Laws on organs

Michael Laws writes on the reason we have so few organ donations in NZ:

So it was last week as I contemplated my driver’s licence. And tried to understand why, if most of us have “donor” typed on it, only 31 people in 2008 actually donated their organs to others.

Sure, you have to be dead. But a lot of us die every year. We fall off things, crash into other things or the wife catches us with the bimbo. That sum must equal more than 31. And given that we’ve committed our mortal remains to assist the mortality of others, then what gives?

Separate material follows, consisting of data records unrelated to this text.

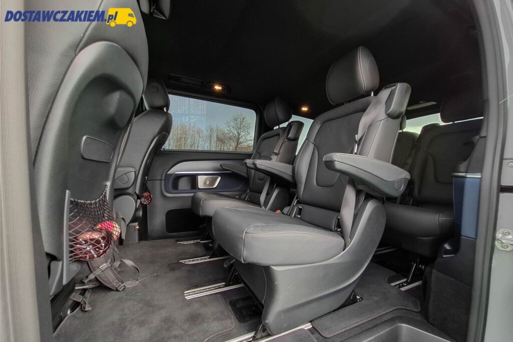 Testowy Mercedes EQV 300 to wersja 7-osobowa z układem foteli 2+2+3. Jeżeli chodzi o miejsce, to nie powinien narzekać ani kierowca, ani nikt inny podróżujący V-klasą na prąd.
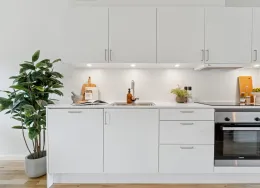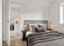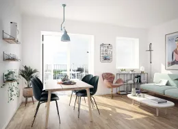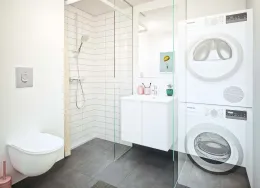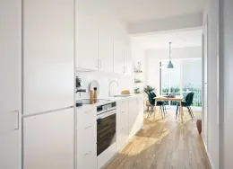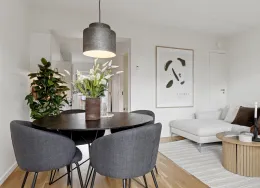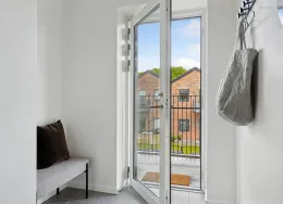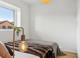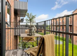 Boligen Lejlighederne er opført i solide og velkendte materialer med fokus på både kvalitet og funktionalitet. Der er flotte trægulve, gulvvarme i hele lejligheden og store vinduespartier, som giver et skønt lysindfald og en behagelig atmosfære. Hver bolig har sin egen altan eller terrasse, hvor du kan nyde udelivet i rolige omgivelser. Under ejendommen er der et praktisk depotrum til hver lejlighed – perfekt til opbevaring af f.eks. flyttekasser og sæsonudstyr. Der er mulighed for at tilkøbe en P-licens til parkeringsplads på arealet foran ejendommen, så du altid kan parkere tæt på din bolig. Lejlighederne spænder fra 50 til 156 m² og har mellem 2 og 6 værelser. Ejendommen Ejendommen fremstår moderne og indbydende med grønne fællesarealer mellem bygningerne, hvor både børn og voksne kan trives. Her kan børnene lege trygt, mens de voksne kan nyde solen på en bænk eller mødes til en hyggelig snak med naboerne. Byggeriet er udført i gode materialer og med fokus på at skabe et trygt og velfungerende boligmiljø. Kombinationen af grønne opholdsrum, god parkering og velindrettede lejligheder gør ejendommen til et attraktivt sted at bo. Det er desuden sjældent, at der bliver ledige lejligheder her – et tydeligt tegn på, at beboerne er glade for at bo i ejendommen. Området Beliggenheden er helt ideel – tæt på både natur, indkøb og Hillerøds hyggelige bymidte. Det nærmeste supermarked ligger blot 200 meter fra hoveddøren, og SlotsArkaderne med sine mange butikker og caféer ligger i gåafstand. Der er kort vej til skoler, daginstitutioner og Hillerød Station, hvor S-toget bringer dig direkte til København. For den naturglade er der masser af grønne områder og stisystemer lige i nærheden, så du nemt kan tage en løbe- eller gåtur i smukke omgivelser. Bemærk: Billederne kan være fra andre lejligheder i ejendommen, men materialevalg og kvalitetsniveau går igen i alle boligerne. Boligens planløsning kan ses på plantegningen
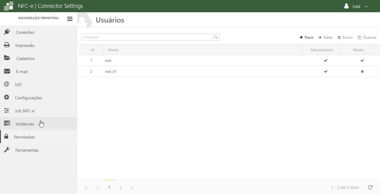 Através dessa área é possível realizar os cadastros referente as instâncias da solução NFCe, sendo estes: Cold, Cold Import, Eletronic, Request Service e Integração.
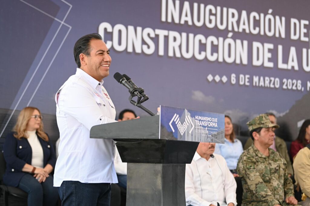 El gobernador Eduardo Ramírez Aguilar inauguró la primera etapa de la construcción de la Unidad Administrativa en el municipio de Motozintla, una infraestructura moderna que albergará de manera digna y funcional a la Fiscalía de Distrito Sierra Mariscal y a la Secretaría de Seguridad del Pueblo. Este espacio permitirá fortalecer la gobernabilidad y el Estado de derecho, además de agilizar la atención de las necesidades de la región Sierra Mariscal.
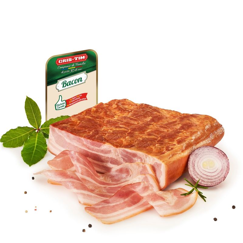 Produs obtinut din piept de porc, condimentat si afumat cu fum natural din lemn de fag. Este potrivit pentru sandvisuri, gustari, dar si pentru platourile de sarbatori. Poate fi de asemenea utilizat si la prepararea unor feluri de mancare principale: tocanite, rulouri de ficatei in bacon, etc.
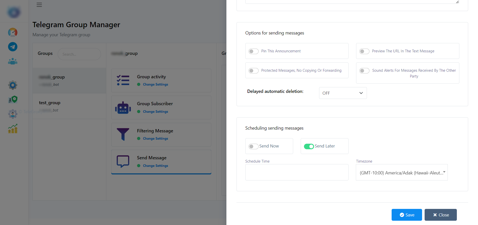 With Tele group Manager, you can send message to a group instantly or schedule it for later. Some options in message sending by Tele group Manager are as follows
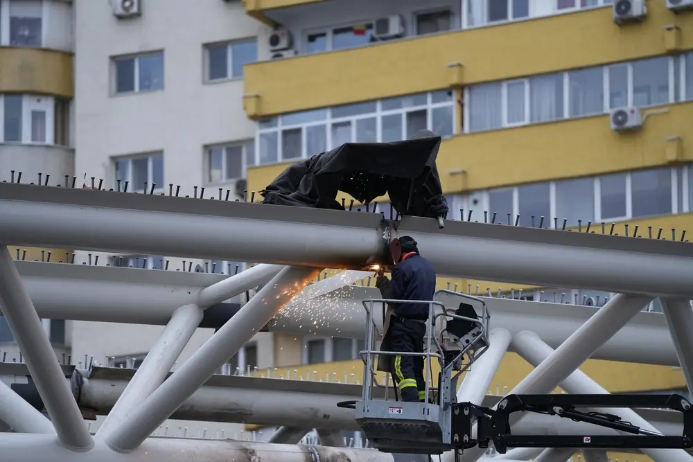 Bucharest, Romania. Construction of a bridge January ยฉ Cristi Dangeorge/Shutterstock
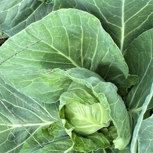 よ~くのぞいてみたら、中から丸くふっくらとしたキャベツが顔を出しました。
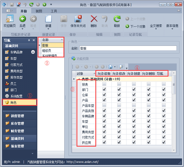 傲藍汽配銷售軟件的角色權限設置具體操作,請點擊視頻鏈接了解。
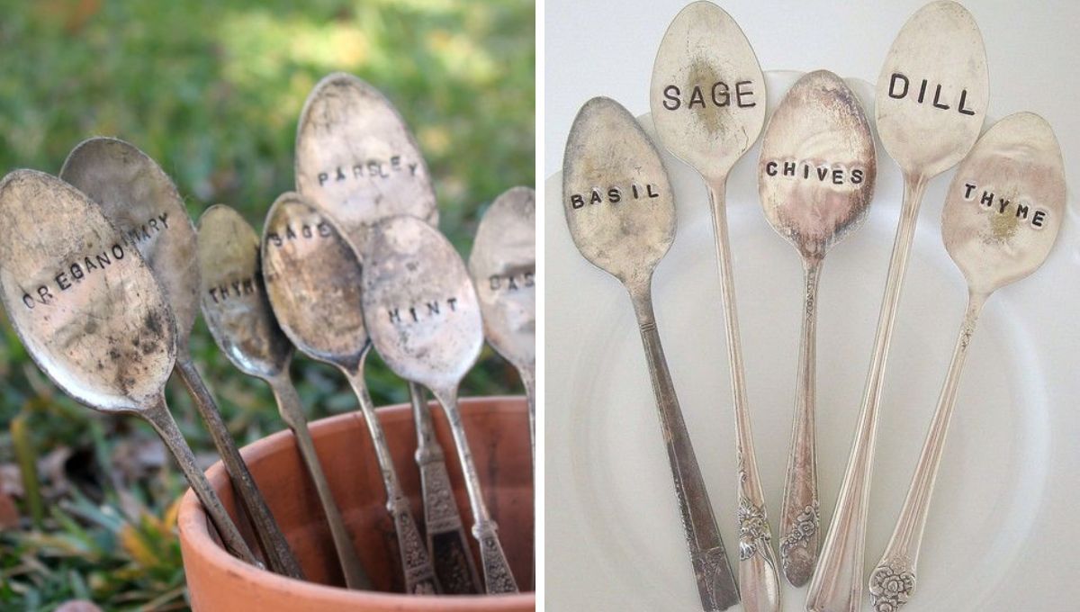 Otra idea de reciclaje que no falla nunca es utilizar las cucharas como señaladores de plantas y huerta. Esta opción puede llevar un poco más de trabajo, ya que por ejemplo al momento de escribir los nombres de las plantas necesitarás de la ayuda de un torno.

The answer is simple. Stupidity. In specific, a fatal combination of medical mindlessness and cultural ignorance. All wrapped into one piece of PC legislation called the Human Tissue Act (2008). The act was supposed to make simpler and numerous. It has had the opposite effect because it allows relatives to overrule the intent and wishes of the dead. It also elevates superstitious gibberish and cultural gobbledegook to the same pantheon as reason and logic.

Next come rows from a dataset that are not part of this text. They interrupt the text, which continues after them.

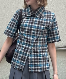 Instagram▶︎@_manafuku_#ブラウス#ブーツ#チェックシャツ#ミニスカート#デニムスカート#チュニック#プリーツスカート#キャミソール#バギーパンツ#夏コーデ#PR#韓国ファッション#シティーガール
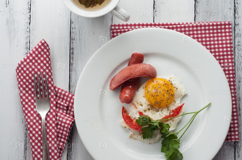 Яичница с кусочками помидора и колбасой на тарелке
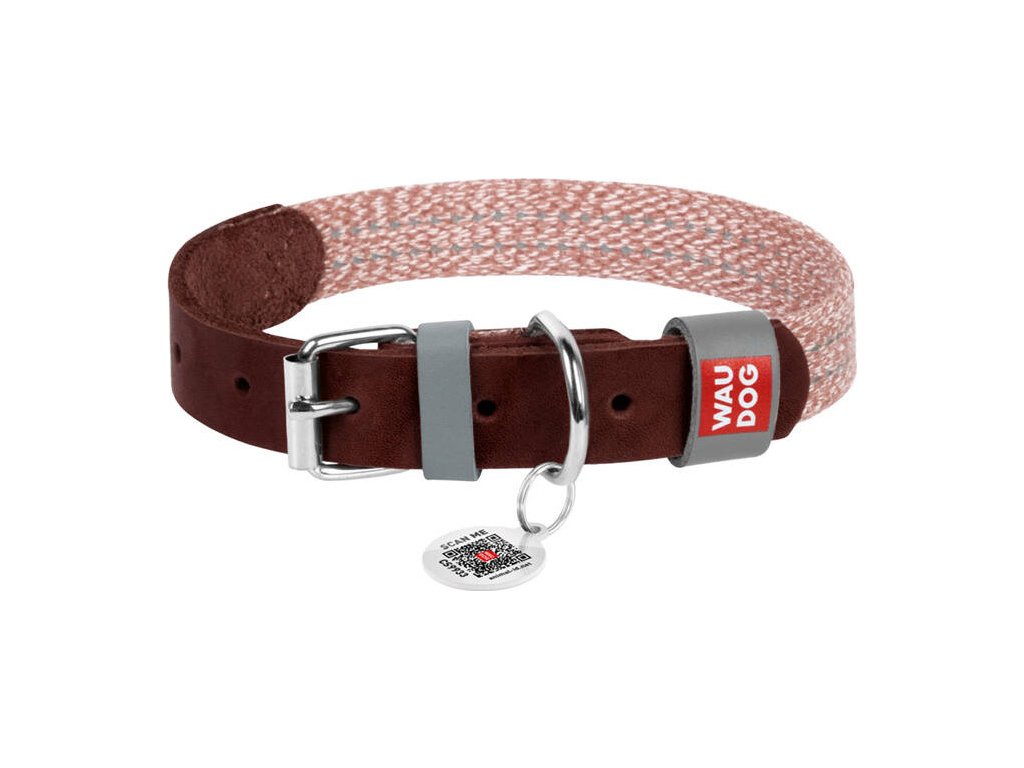 Obojek pro psa z přírodní kůže a recyklovaného materiálu s QR kódem Waudog vel. L, šířka 25 mm (hnědý).
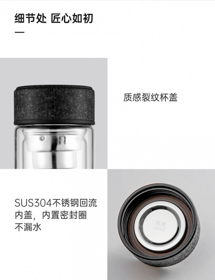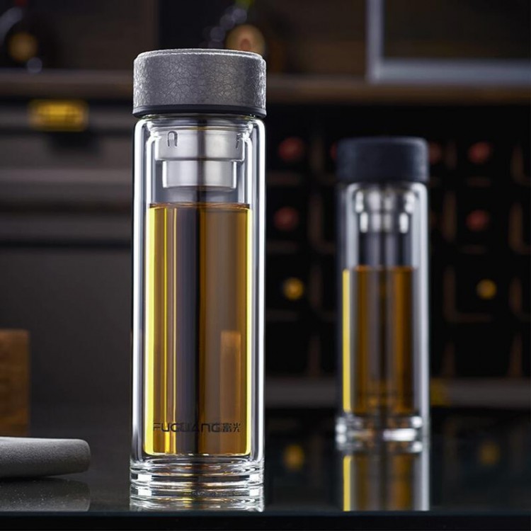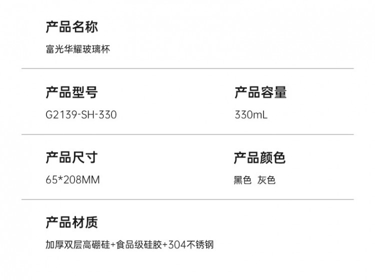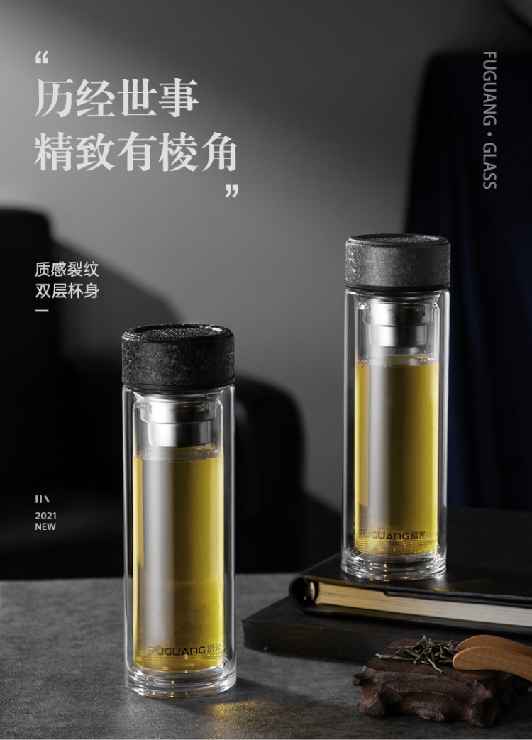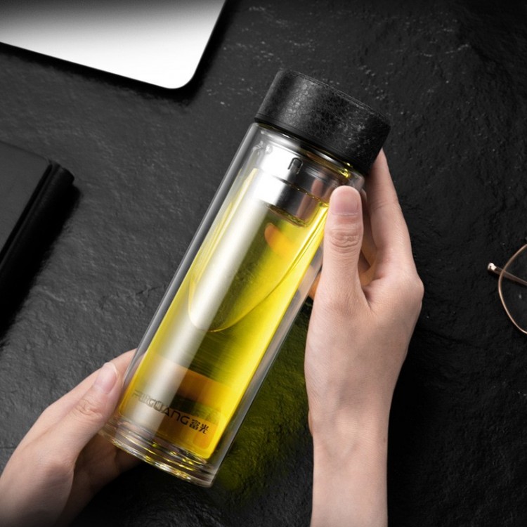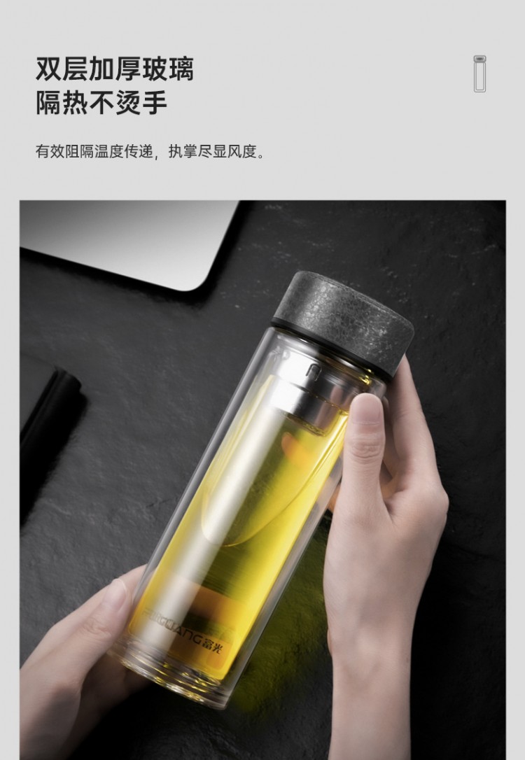 富光玻璃杯(黑色)G2139-SH-330華耀杯 雙層加厚玻璃杯印logo 高硼硅玻璃杯批發(fā)代理
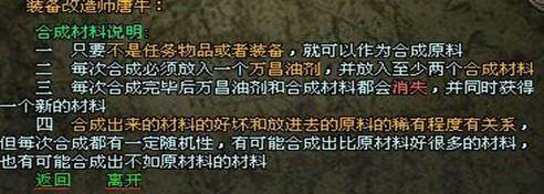 2)合成材料是利用万昌油剂把至少两件材料随机合成,有机率合成出高级的材料。

I think it is appalling that your explicit wishes about donating organs can be over-riden by your relatives. It dishonours the dead to have their wishes ignored.

Add a failure of leadership at Organ Donation New Zealand Dr Stephen Streat making Corrections’ Barry Matthews look like some kind of Harvard genius and you have what you have. Hundreds of desperate Kiwis awaiting the chance for life, and tens of thousands of New Zealanders going to the grave, intact and entire.

Streat’s performance is central to the failure of organ donation in this country. He opposed the sensible suggestions contained in National MP Jacqui Blue’s 2006 private member’s bill that would have created a central register for organ donations. He was instrumental in the construction of the Human Tissue Act and remains a resolute defender of the relative veto. Despite it being his job to find new donors, the total number dropped to just 31 last year. All he now needs is the imprimatur of State Services Commissioner Iain Rennie to be wholly condemned.

Ouch. Harsh words, but not without some merit. The body that should be doign everything possible to increase donation rates, consistently argues against such measures on the grounds they do not wish to upset family members.

Never mind the family members of the person who dies needlessly because they could not get an organ they needed.